[WORK ORDER] Among the entries below, the lines from the one with "The Shire of" up to and including the one with "從最初超大體積到現在的705" are to be restated exactly, without pictures.
= = = = = = =
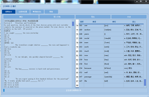 翻译,并支持导出为Excel文件。支持点击统计的单词,查看单词在文本中的分布。用背景色标注显示。支持自己添加过滤词。支持对比两个Excel文件第一列单词的异同,并导出对比情况,方便查看两分文本单词的差异。对于英语单词进行词形还原处理。避免went和gone统计程不同的单词。
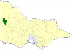 The Shire of Lowan was a local government area in the Wimmera region of western Victoria, Australia. The shire covered an area of 2,861 square kilometres (1,104.6 sq mi), and existed from 1875 until 1995.
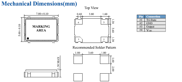從最初超大體積到現在的7050mm,6035mm,5032mm,3225mm,2520mm體積,有著翻天覆地的改變,體積的變小也試產品帶來了更高的穩定性能,接縫密封石英晶體振蕩器,精度高,覆蓋頻率范圍寬的特點,SMD高速自動安裝和高溫回流焊設計,Optionable待機輸出三態輸出功能,電源電壓范圍:1.8V~5 V,高穩定性,低抖動,低功耗,主要應用領域:無線通訊,高端智能手機,平板筆記本WLAN,藍牙,數碼相機,DSL和其他IT產品的晶振應用,三態功能,PC和LCDM等高端數碼領域,符合RoHS/無鉛.
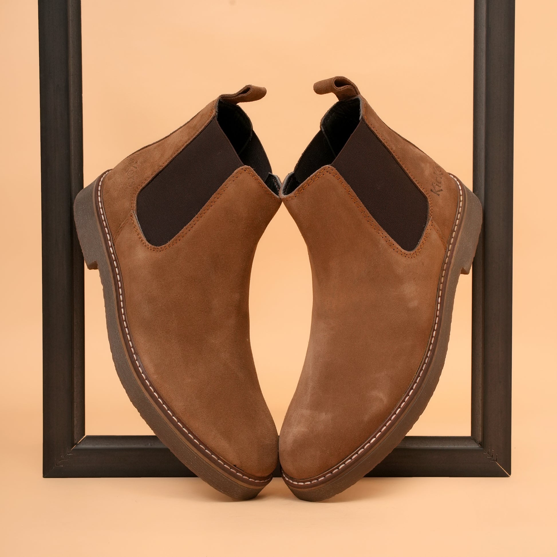 kickors Brown - Men's Chelsea Boots with Genuine Suede Leather Upper
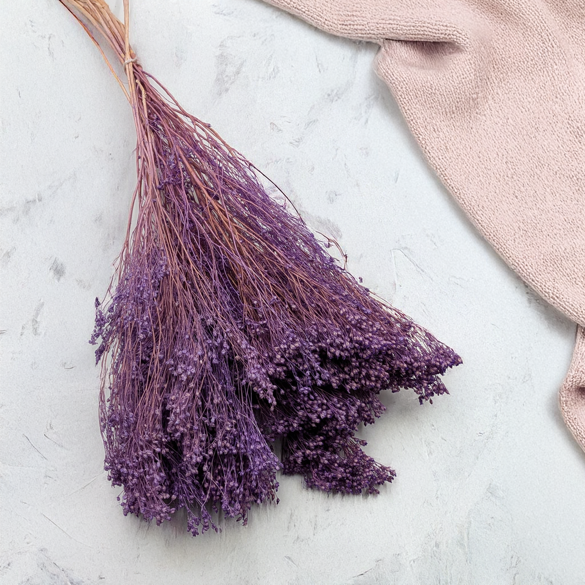 Broom Bloom, ou Cytisus scoparius, est une plante séchée décorative teintée dans une nuance lavande délicate. Ses fleurs duveteuses apportent légèreté et poésie aux compositions bohèmes, rustiques et romantiques.
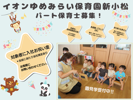 【勤務先】 イオンゆめみらい保育園新小松 【勤務地】 石川県小松市清六町315番イオンモール新小松1F 【勤務地】 石川県小松市清六町315番イオンモール新小松1F
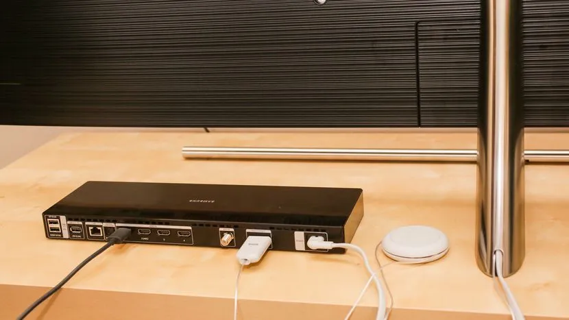 Este cabo é conectado no One Connect, um hub com várias entradas, onde não é mais necessário cabos pendurados na TV.
= = = = = = =
[ANSWER AREA]
 The Shire of Lowan was a local government area in the Wimmera region of western Victoria, Australia. The shire covered an area of 2,861 square kilometres (1,104.6 sq mi), and existed from 1875 until 1995.
從最初超大體積到現在的7050mm,6035mm,5032mm,3225mm,2520mm體積,有著翻天覆地的改變,體積的變小也試產品帶來了更高的穩定性能,接縫密封石英晶體振蕩器,精度高,覆蓋頻率范圍寬的特點,SMD高速自動安裝和高溫回流焊設計,Optionable待機輸出三態輸出功能,電源電壓范圍:1.8V~5 V,高穩定性,低抖動,低功耗,主要應用領域:無線通訊,高端智能手機,平板筆記本WLAN,藍牙,數碼相機,DSL和其他IT產品的晶振應用,三態功能,PC和LCDM等高端數碼領域,符合RoHS/無鉛.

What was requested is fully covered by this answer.